Supplied data:
+++
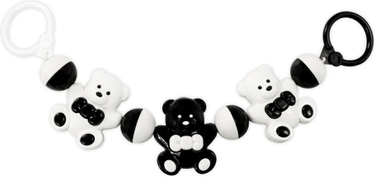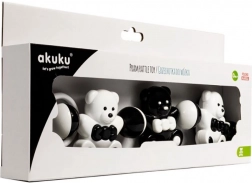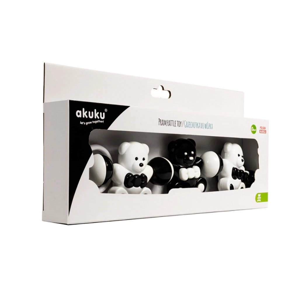 Die schwarz-weiße Akuku-Rassel mit Bären ist für die Allerkleinsten konzipiert und hilft, Sicht, Gehör und Motorik zu fördern. Kontrastreiche Farben ziehen das Baby an, das sanfte Rasseln beruhigt und stimuliert die Sinne. Das Spielzeug ist leicht, angenehm zu berühren und einfach sauber zu halten.
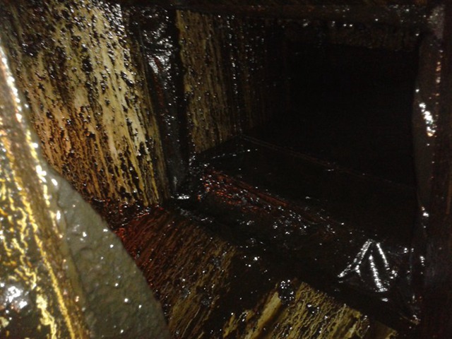 煙道、煙罩常年處于高溫工作環境,油煙氣化形成積油、積炭或油膩的膠狀物,這三種物質非常容易引起火災。若不經常清洗,積油越積越多 ,順著煙罩自然倒流,不僅影響飯菜質量,而且還有損酒店信譽。同時,煙道中易寄生老鼠、蟑螂,不符合國家衛生標準,油膩膠狀物長期扒附在金屬表面,增加煙道和風機工作負荷,還會腐蝕金屬材料,大地縮短煙道及風機使用壽命。
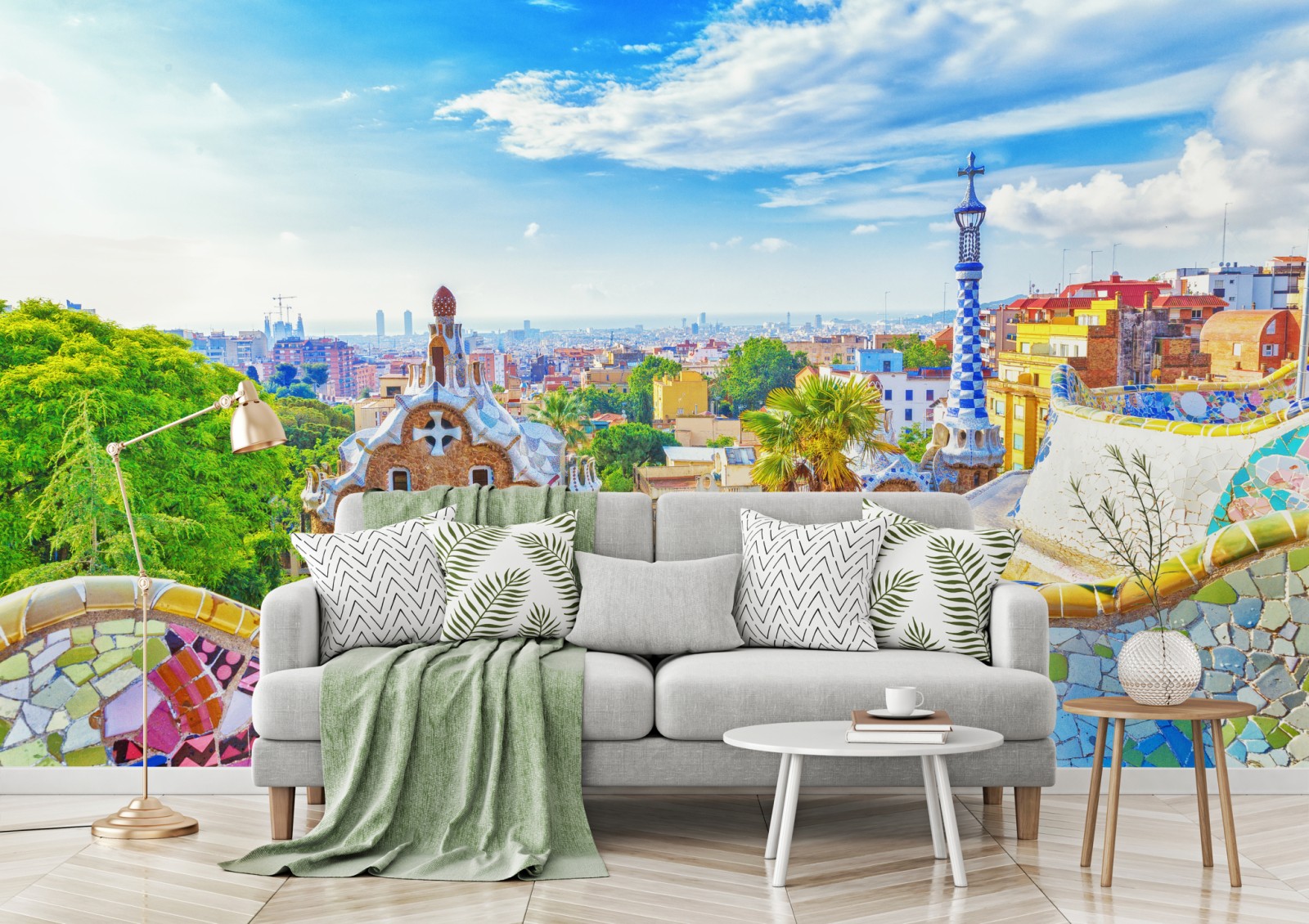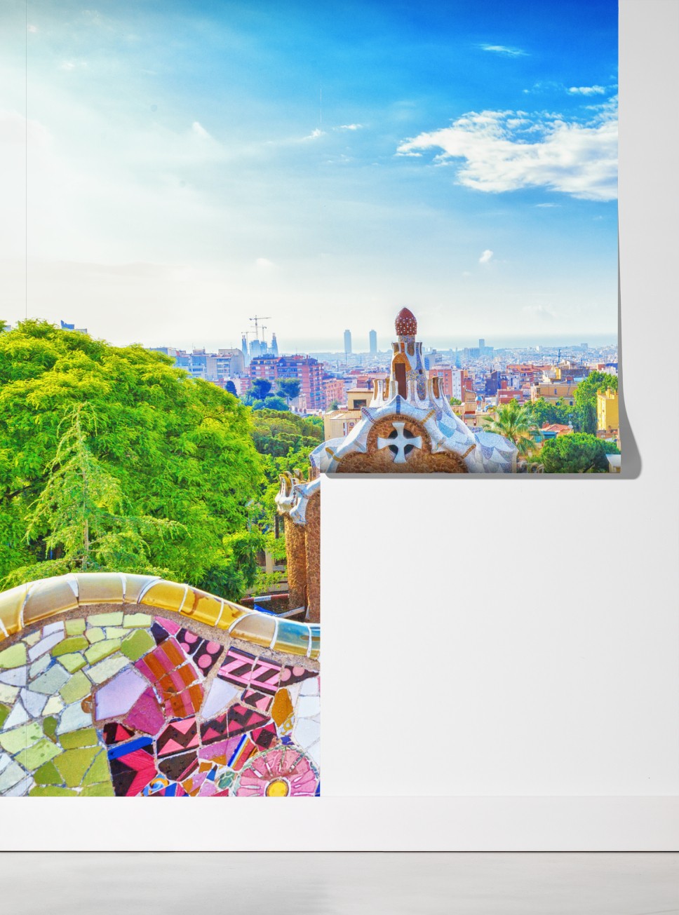 Wprowadź kolorową energię Barcelony do wnętrza dzięki temu żywemu widokowi z mozaikami Parku Güell i panoramą miasta.
+++
Work instruction: Quote the material in full and exactly; do not carry over its pictures.

Response for this exercise:
 Die schwarz-weiße Akuku-Rassel mit Bären ist für die Allerkleinsten konzipiert und hilft, Sicht, Gehör und Motorik zu fördern. Kontrastreiche Farben ziehen das Baby an, das sanfte Rasseln beruhigt und stimuliert die Sinne. Das Spielzeug ist leicht, angenehm zu berühren und einfach sauber zu halten.
 煙道、煙罩常年處于高溫工作環境,油煙氣化形成積油、積炭或油膩的膠狀物,這三種物質非常容易引起火災。若不經常清洗,積油越積越多 ,順著煙罩自然倒流,不僅影響飯菜質量,而且還有損酒店信譽。同時,煙道中易寄生老鼠、蟑螂,不符合國家衛生標準,油膩膠狀物長期扒附在金屬表面,增加煙道和風機工作負荷,還會腐蝕金屬材料,大地縮短煙道及風機使用壽命。
 Wprowadź kolorową energię Barcelony do wnętrza dzięki temu żywemu widokowi z mozaikami Parku Güell i panoramą miasta.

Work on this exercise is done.